### RECORDS TO PROCESS
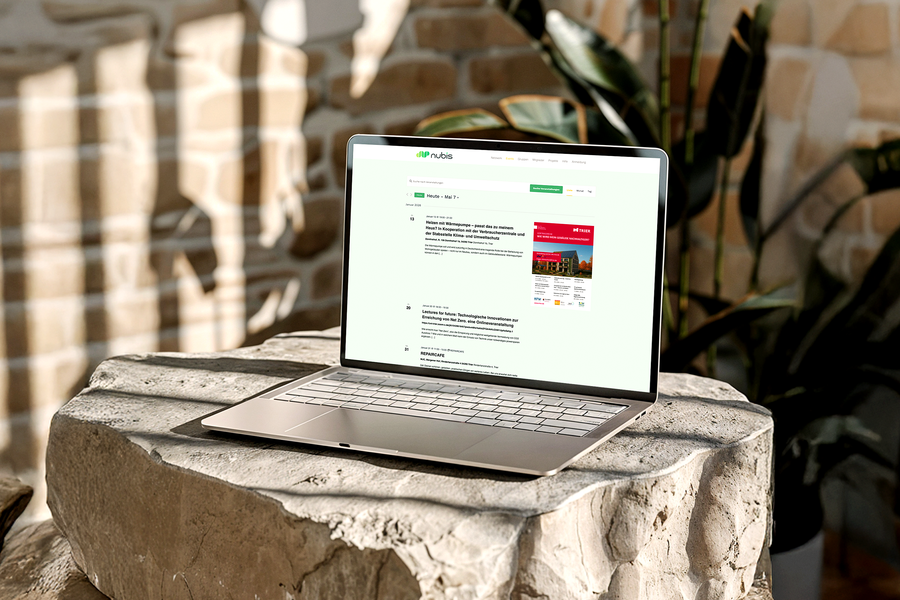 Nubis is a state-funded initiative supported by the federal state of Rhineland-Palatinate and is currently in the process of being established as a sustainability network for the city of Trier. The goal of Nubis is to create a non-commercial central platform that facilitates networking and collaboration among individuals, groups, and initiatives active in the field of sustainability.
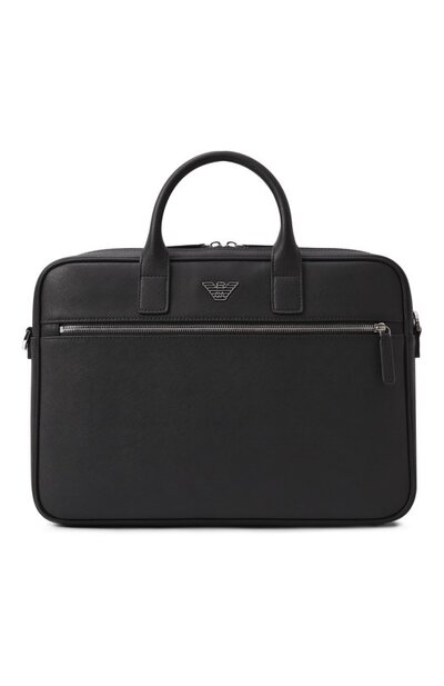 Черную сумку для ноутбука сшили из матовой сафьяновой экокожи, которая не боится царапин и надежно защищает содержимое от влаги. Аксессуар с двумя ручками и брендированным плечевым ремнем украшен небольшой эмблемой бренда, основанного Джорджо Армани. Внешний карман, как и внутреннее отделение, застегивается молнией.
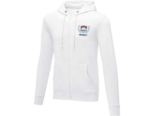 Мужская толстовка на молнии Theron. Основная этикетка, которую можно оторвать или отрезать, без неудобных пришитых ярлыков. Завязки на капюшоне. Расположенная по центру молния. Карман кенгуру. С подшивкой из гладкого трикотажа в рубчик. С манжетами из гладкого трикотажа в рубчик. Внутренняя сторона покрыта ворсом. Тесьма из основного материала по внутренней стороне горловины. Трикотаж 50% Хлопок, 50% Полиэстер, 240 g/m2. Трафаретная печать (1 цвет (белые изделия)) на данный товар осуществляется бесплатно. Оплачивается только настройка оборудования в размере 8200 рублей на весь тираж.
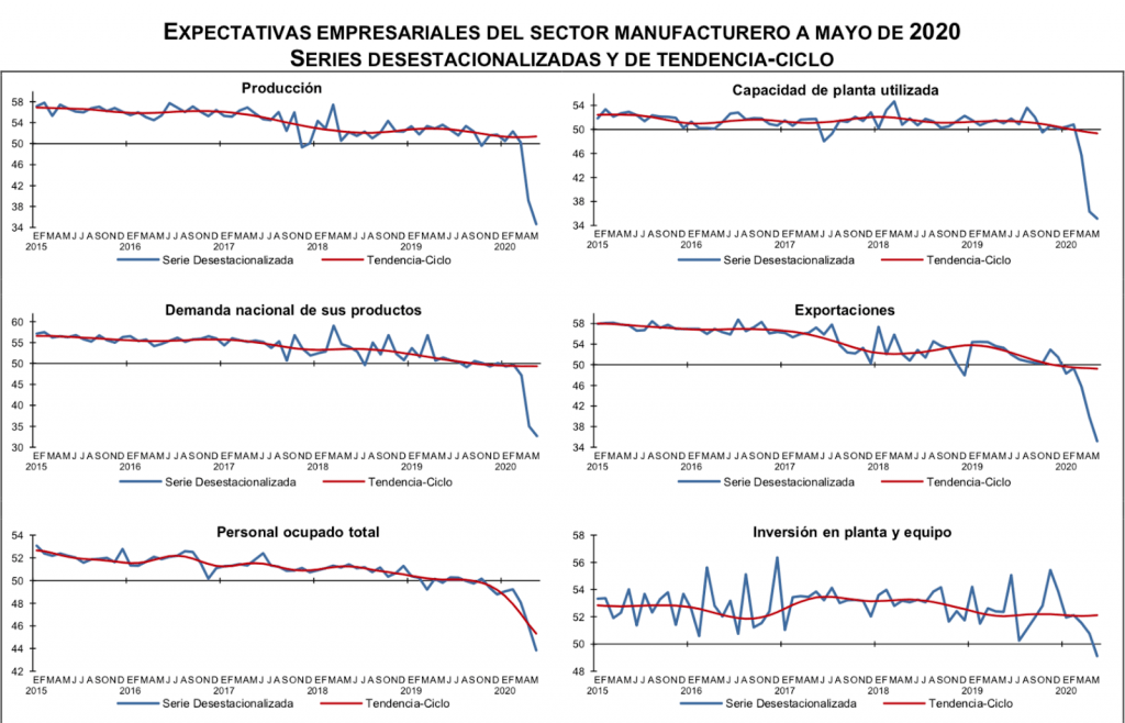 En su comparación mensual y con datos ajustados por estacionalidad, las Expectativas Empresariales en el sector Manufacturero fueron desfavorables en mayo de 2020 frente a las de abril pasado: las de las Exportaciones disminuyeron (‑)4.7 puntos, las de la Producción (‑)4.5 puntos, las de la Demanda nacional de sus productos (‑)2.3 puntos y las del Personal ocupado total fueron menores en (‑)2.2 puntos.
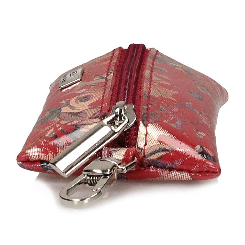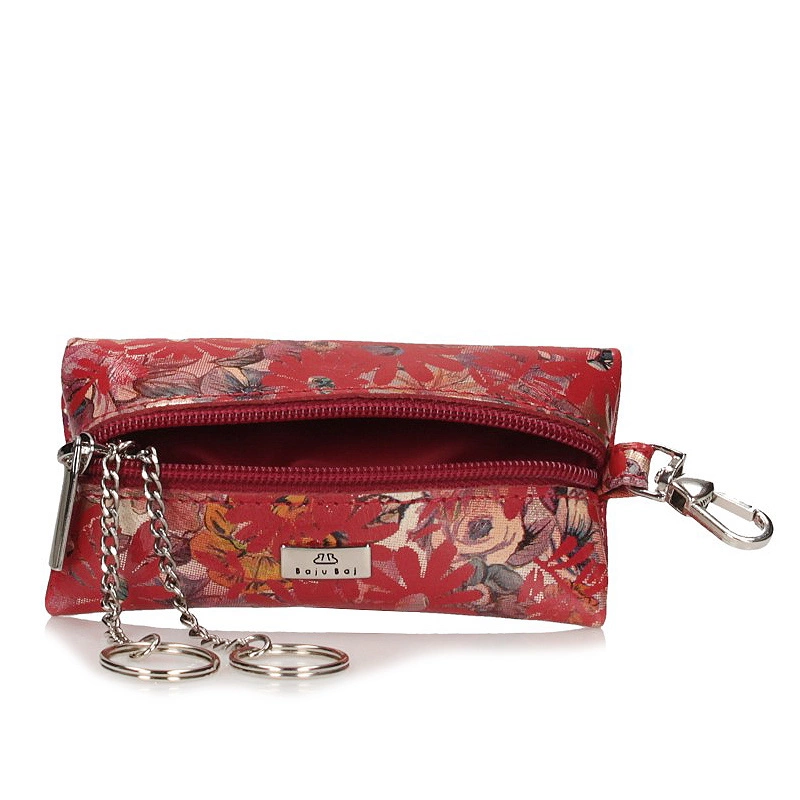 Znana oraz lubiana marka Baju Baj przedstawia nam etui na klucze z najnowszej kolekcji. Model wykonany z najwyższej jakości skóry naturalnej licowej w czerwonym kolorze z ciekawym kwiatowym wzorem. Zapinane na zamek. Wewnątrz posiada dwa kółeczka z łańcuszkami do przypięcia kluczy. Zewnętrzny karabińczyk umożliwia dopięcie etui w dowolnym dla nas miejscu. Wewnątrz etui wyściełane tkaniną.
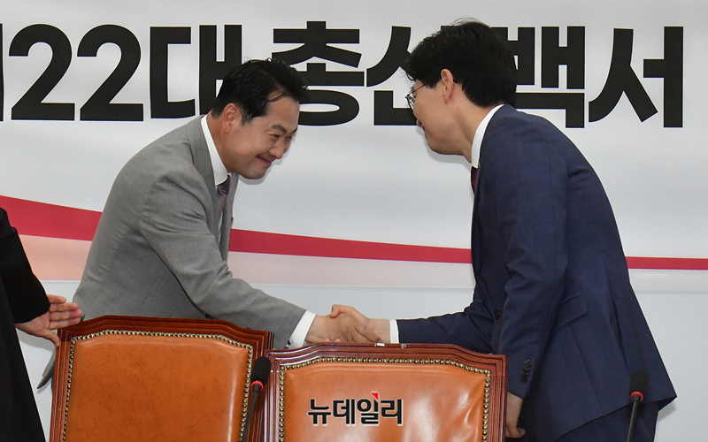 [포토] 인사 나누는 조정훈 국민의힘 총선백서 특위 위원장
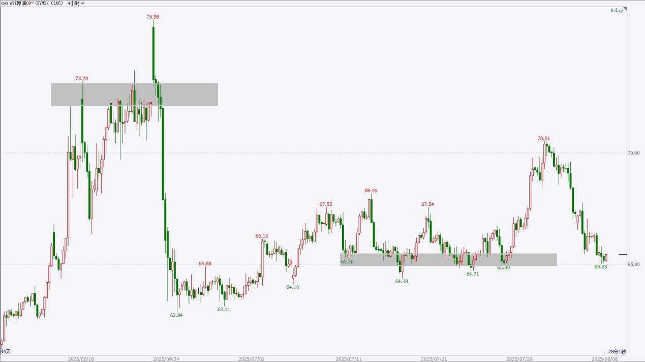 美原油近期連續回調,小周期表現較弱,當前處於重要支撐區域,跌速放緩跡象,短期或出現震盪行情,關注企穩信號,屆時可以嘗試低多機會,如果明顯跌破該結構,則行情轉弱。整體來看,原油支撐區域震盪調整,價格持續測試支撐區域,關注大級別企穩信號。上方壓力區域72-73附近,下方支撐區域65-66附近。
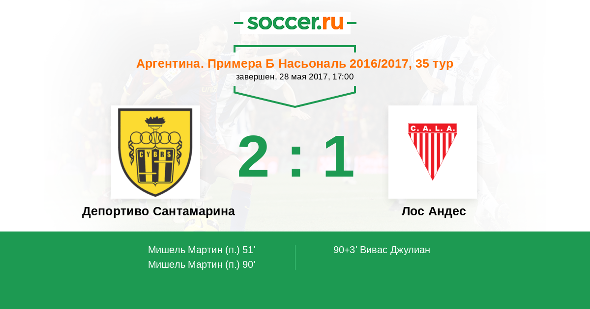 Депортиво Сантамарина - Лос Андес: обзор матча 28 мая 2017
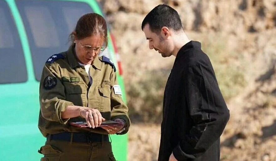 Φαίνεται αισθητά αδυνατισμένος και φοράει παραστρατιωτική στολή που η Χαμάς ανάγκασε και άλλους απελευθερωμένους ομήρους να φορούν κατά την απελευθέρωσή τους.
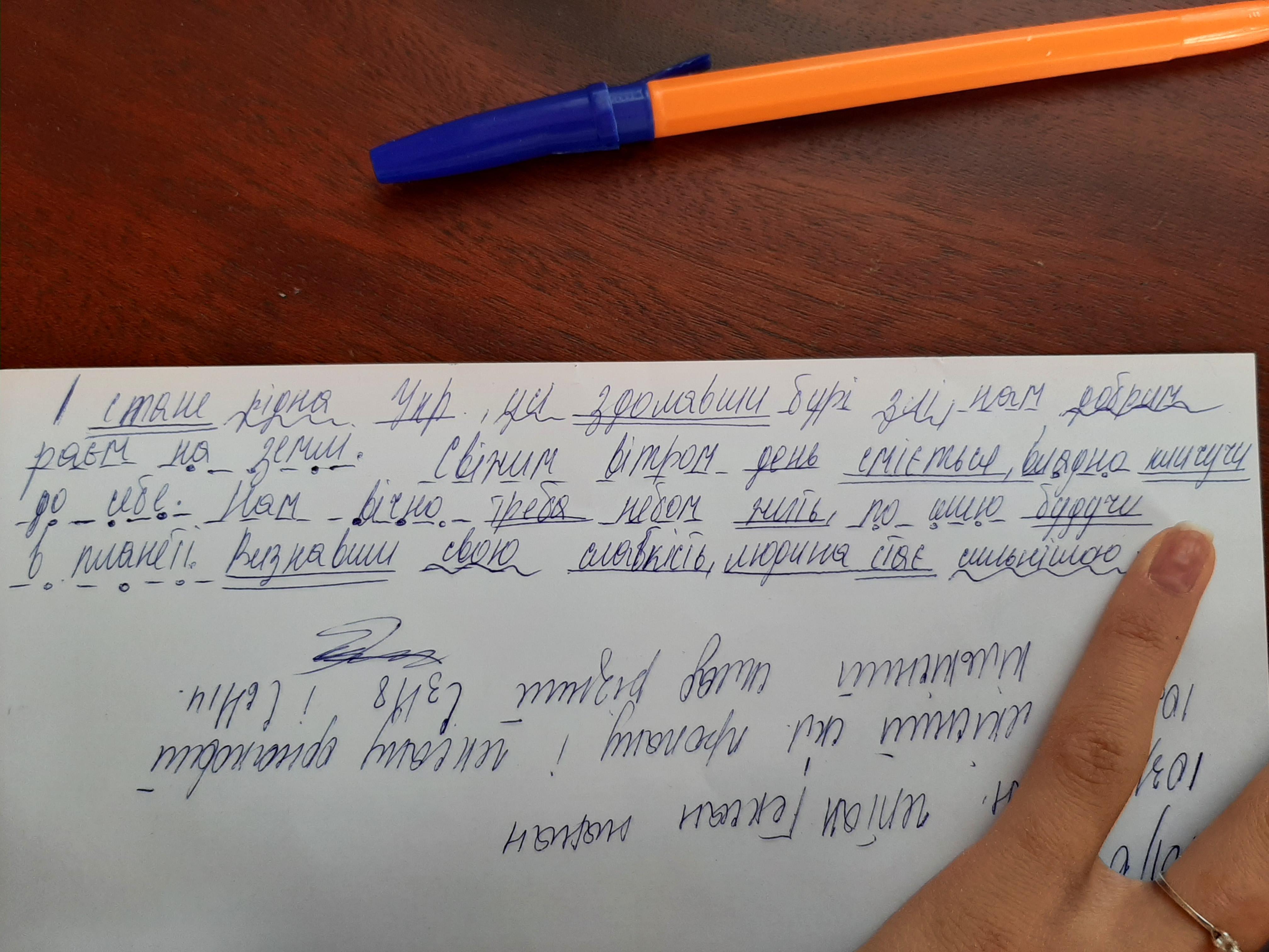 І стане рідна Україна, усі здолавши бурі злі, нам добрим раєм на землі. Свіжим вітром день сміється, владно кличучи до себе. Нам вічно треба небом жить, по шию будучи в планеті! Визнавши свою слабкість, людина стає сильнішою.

### AIM OF THE TASK
Repeat the records above exactly, leaving out any pictures they contain.

### SOLUTION TO THE EXERCISE
 Nubis is a state-funded initiative supported by the federal state of Rhineland-Palatinate and is currently in the process of being established as a sustainability network for the city of Trier. The goal of Nubis is to create a non-commercial central platform that facilitates networking and collaboration among individuals, groups, and initiatives active in the field of sustainability.
 Черную сумку для ноутбука сшили из матовой сафьяновой экокожи, которая не боится царапин и надежно защищает содержимое от влаги. Аксессуар с двумя ручками и брендированным плечевым ремнем украшен небольшой эмблемой бренда, основанного Джорджо Армани. Внешний карман, как и внутреннее отделение, застегивается молнией.
 Мужская толстовка на молнии Theron. Основная этикетка, которую можно оторвать или отрезать, без неудобных пришитых ярлыков. Завязки на капюшоне. Расположенная по центру молния. Карман кенгуру. С подшивкой из гладкого трикотажа в рубчик. С манжетами из гладкого трикотажа в рубчик. Внутренняя сторона покрыта ворсом. Тесьма из основного материала по внутренней стороне горловины. Трикотаж 50% Хлопок, 50% Полиэстер, 240 g/m2. Трафаретная печать (1 цвет (белые изделия)) на данный товар осуществляется бесплатно. Оплачивается только настройка оборудования в размере 8200 рублей на весь тираж.
 En su comparación mensual y con datos ajustados por estacionalidad, las Expectativas Empresariales en el sector Manufacturero fueron desfavorables en mayo de 2020 frente a las de abril pasado: las de las Exportaciones disminuyeron (‑)4.7 puntos, las de la Producción (‑)4.5 puntos, las de la Demanda nacional de sus productos (‑)2.3 puntos y las del Personal ocupado total fueron menores en (‑)2.2 puntos.
 Znana oraz lubiana marka Baju Baj przedstawia nam etui na klucze z najnowszej kolekcji. Model wykonany z najwyższej jakości skóry naturalnej licowej w czerwonym kolorze z ciekawym kwiatowym wzorem. Zapinane na zamek. Wewnątrz posiada dwa kółeczka z łańcuszkami do przypięcia kluczy. Zewnętrzny karabińczyk umożliwia dopięcie etui w dowolnym dla nas miejscu. Wewnątrz etui wyściełane tkaniną.
 [포토] 인사 나누는 조정훈 국민의힘 총선백서 특위 위원장
 美原油近期連續回調,小周期表現較弱,當前處於重要支撐區域,跌速放緩跡象,短期或出現震盪行情,關注企穩信號,屆時可以嘗試低多機會,如果明顯跌破該結構,則行情轉弱。整體來看,原油支撐區域震盪調整,價格持續測試支撐區域,關注大級別企穩信號。上方壓力區域72-73附近,下方支撐區域65-66附近。
 Депортиво Сантамарина - Лос Андес: обзор матча 28 мая 2017
 Φαίνεται αισθητά αδυνατισμένος και φοράει παραστρατιωτική στολή που η Χαμάς ανάγκασε και άλλους απελευθερωμένους ομήρους να φορούν κατά την απελευθέρωσή τους.
 І стане рідна Україна, усі здолавши бурі злі, нам добрим раєм на землі. Свіжим вітром день сміється, владно кличучи до себе. Нам вічно треба небом жить, по шию будучи в планеті! Визнавши свою слабкість, людина стає сильнішою.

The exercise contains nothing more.